I didn’t move. Couldn’t. The last time I ate a homecooked meal, I still had baby teeth. I might as well have been watching a show on television.

“Done!”

But no.

“Like I said, I hate tea, so I got beer for me. I hope that’s fine.”

As I sat down, the yellow and red from the omurice chased the black smog out of my sight. The way dishes clinked shut it up. The way I smiled dissolved it. Even when I tried to bite it back, I couldn’t. Natsume Youji drew rain clouds with the ketchup over our meals. Like him, I drank beer. “It’s so good,” I mumbled, between bites, “so good…”

“Glad to see you like it.”

I forgot I was supposed to be angry. Or was it scared?

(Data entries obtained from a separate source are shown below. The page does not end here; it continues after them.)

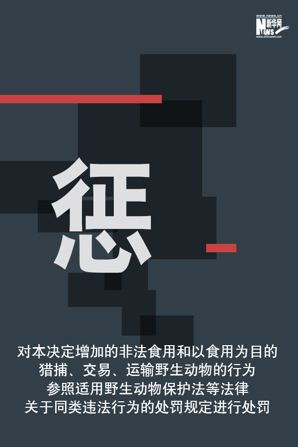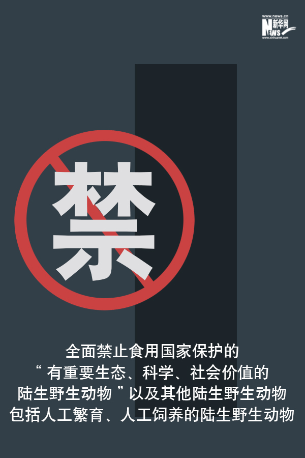 2月24日,十三届全国人大常委会第十六次会议表决通过关于全面禁止非法野生动物交易、革除滥食野生动物陋习、切实保障人民群众生命健康安全的决定。
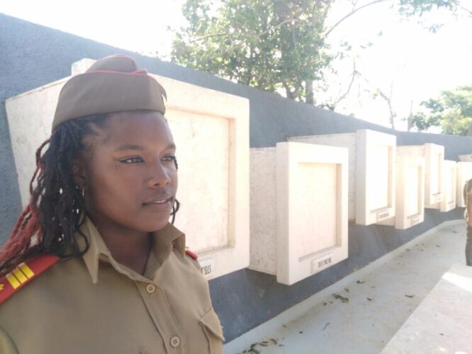A su lado, Isamay Beatriz Curbelo Hernández, es parte de los seis relevos de camilitos que esta mañana custodian los restos de los moncadistas artemiseños, una estudiante de duodécimo grado, aspirante a estudiar Medicina, que vive en Bahía Honda, el más distantes de los municipios de la provincia y nunca había estado en el Mausoleo.
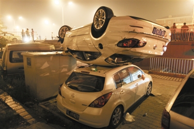 “簡直就是飛車。”昨日凌晨3時20分,薊門橋西北角,一白色大眾CC轎車沖到橋下,四腳朝天倒扣在另一輛轎車頂部。據稱,車內共載7人,兩名女大學生受輕傷被急救車拉走,橋下停靠的四輛車被砸。交警初步認定,事故主要原因是拐彎時車速過快,肇事車負全責。
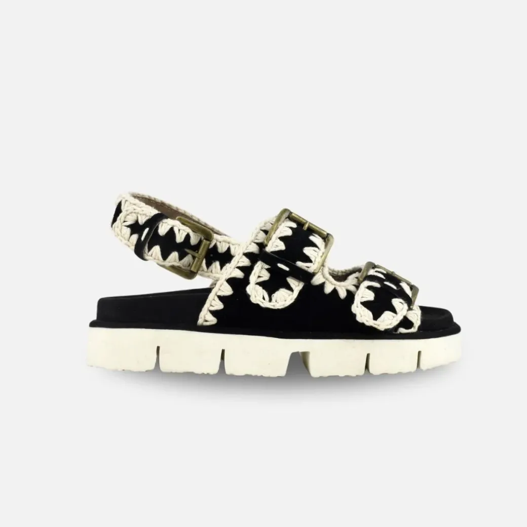 Las nuevas sandalias bio con hebilla ofrecen el look perfecto para un verano relajado y elegante. Completa con dos correas delanteras, una trasera, la característica costura de ganchillo de Mou, una ligera suela exterior de EVA y plantilla de ante para mayor comodidad.
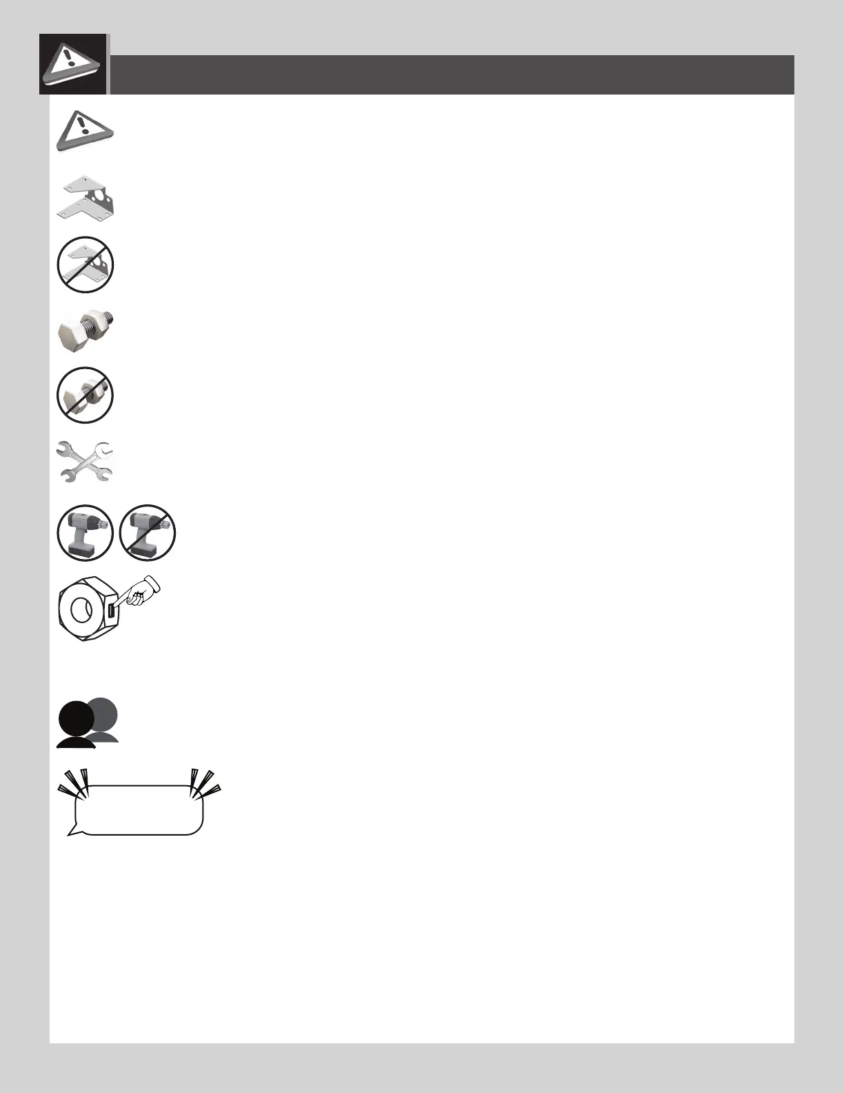 • Indicates to use/not use an electric drill for a specifi c step.
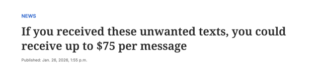快查手机!收过这种垃圾短信的注意了——每条最高可赔 75 美元
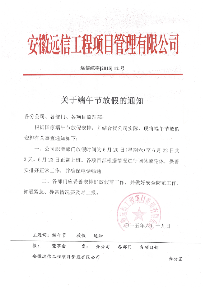 關(guān)于端午節(jié)放假通知 發(fā)布時(shí)間:2015-06-19 閱讀量:3217 上一篇:關(guān)于9月3號(hào)放假的通知下一篇:關(guān)于五一勞動(dòng)節(jié)放假通知

Who could possibly feel down when enjoying a homecooked, warm meal? Even when I had little to no furniture, when one of the walls had a crack, when the wind howled outside as the rain slammed itself against the windows, dark gray, cold…

Natsume Youji finished after me, which would’ve embarrassed me if I wasn’t high on omurice at the moment. To be fair, he’d been talking all the while. I nodded or shook my head. “…so is that a yes or a no?”

Eight empty cans of beer lay on the table. Two were mine. The third remained half-full. “Uhh… what was it again?” I asked.

“Do you think it’s good enough for that café? Thing.”

“Oh, yeah, for sure. Better than Ootsuki Rima's stuff."

“Agre—wait, no, I mean, thank you very.” Natsume Youji hiccupped. “Much. Then I’ll apply for it. Tomorrow.”

“Huh?”

“Yeah, because it’s raining right now.”

“Ah. Totally.”

"Yeah."

***

And then I woke up on my bed next to him.